I love your ample breasts, reian. Well, I haven't seen you, but I'm pretty sure I would love them anyway!


----------



## Thatch (Jul 17, 2010)

RayO_ElGatubelo said:


> I love your ample breasts, reian. Well, I haven't seen you, but I'm pretty sure I would love them anyway!


 
I bet it's just a ploy. You, sir, cought the hook :V


----------



## reian (Jul 17, 2010)

RayO_ElGatubelo said:


> I love your ample breasts, reian. Well, I haven't seen you, but I'm pretty sure I would love them anyway!


Awww...you make me blush!  And feel a little better about myself after reading all the boob hate


			
				Thatch said:
			
		

> I bet it's just a ploy. You, sir cought the hook :V


Ploy?  I beg to differ...I promise I have rather large boobs with out being morbidly obese...


----------



## Usarise (Jul 17, 2010)

This thread seems gay...


----------



## 8-bit (Jul 17, 2010)

Usarise said:


> This thread seems gay...


 
It's FAF. _Everything_ is gay


----------



## Usarise (Jul 17, 2010)

8-bit said:


> It's FAF. _Everything_ is gay


B-but I've seen some straight porn on FA befo-..... oh wait... nvm. 

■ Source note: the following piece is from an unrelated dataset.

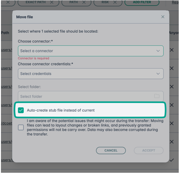 - The Solution: With File Stubs, you can move high-risk files instantly and leave behind a placeholder PDF that informs users where the file has been relocated.
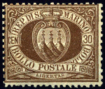 | Zusatzinformationen und Suchstichworte: | 74. AAK Phila GmbH Liquidationsauktion Auktionstermin: 17. Juli 2022 Los 893 (D) San Marino 30 C braun, postfr. Pracht m. vollem Orig´gummi, tief gepr. Georg Bühler u. m. einwandfreiem Attest BPSB, RR Ausruf 300,00 EUR |

Your right.  This whole forum is gay.


----------



## reian (Jul 17, 2010)

Usarise said:


> B-but I've seen some straight porn on FA befo-..... oh wait... nvm.
> 
> Your right.  This whole forum is gay.


At least it isn't Gaia online...the gay on there makes your computer shit rainbows


----------



## 8-bit (Jul 17, 2010)

reian said:


> At least it isn't Gaia online...the gay on there makes your computer shit rainbows


 
Those are some pretty impressive gay levels


----------



## Thatch (Jul 17, 2010)

reian said:


> Awww...you make me blush!  And feel a little better about myself after reading all the boob hate
> 
> Ploy?  I beg to differ...I promise I have rather large boobs with out being morbidly obese...


 
You are an evil man who wants to lure that poor horny dude with promises of a huge rack.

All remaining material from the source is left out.